HeteGen addresses key challenges such as parallel strategy, computation distribution, I/O bottlenecks, and asynchronous operation management. Through its novel heterogeneous parallel computing framework, HeteGen achieves low-latency LLM inference on resource-constrained devices, outperforming existing state-of-the-art offloading techniques and demonstrating strong general applicability.
In conclusion,
The rise of heterogeneous inference represents a transformative shift in optimizing the cost-effectiveness and efficiency of serving LLMs. By intelligently distributing the workload across a combination of CPUs, commodity GPUs, and high-end GPUs, organizations can significantly reduce their operational costs while maintaining high performance. Traditional reliance on high-end GPUs alone leads to resource wastage and inefficiencies, especially for tasks that don’t require such powerful hardware. Innovations like Bud Runtime’s heterogeneous inference and HeteGen’s hybrid parallelism offer practical solutions to these challenges, helping businesses optimize both hardware utilization and inference speed.

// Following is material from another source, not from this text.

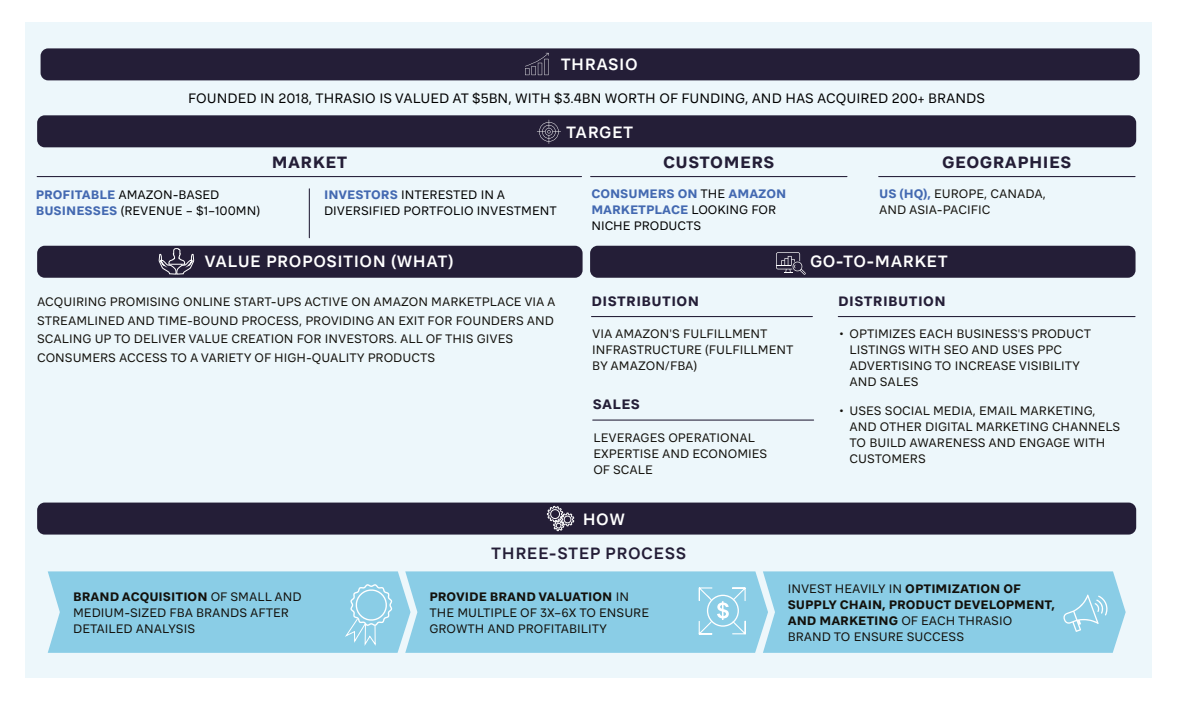
FIGURE 3: CASE STUDY ON THRASIO - US-BASED START-UP THAT ACQUIRES AND SCALES CHALLENGER BRANDS

This approach minimizes overheads (such as customer service costs), creates supply-side synergies, and achieves scale through a single company offering a range of distinct brands targeting different consumer segments. Essentially, it is the digital equivalent of an FMCG brand company such as P&G or Unilever, with leaders including Thrasio in the US and India's Mensa Brands, which achieved unicorn status in under a year. Success requires careful management and coordination to maintain each brand's unique identity and positioning while achieving synergies. Figure 3 provides more details on Thrasio's approach.

With advancements in adaptive scaling and smarter hardware management, companies can now dynamically allocate resources based on the specific demands of each task, cutting costs by up to 77%. Furthermore, techniques like the Mélange adaptive scaling framework and HeteGen’s asynchronous parameter management demonstrate that substantial cost savings can be achieved without sacrificing the quality of service or model performance. As the industry continues to evolve, these innovations pave the way for more accessible, sustainable, and efficient deployment of generative AI solutions across enterprises, making the promise of AI more attainable for a wider range of users.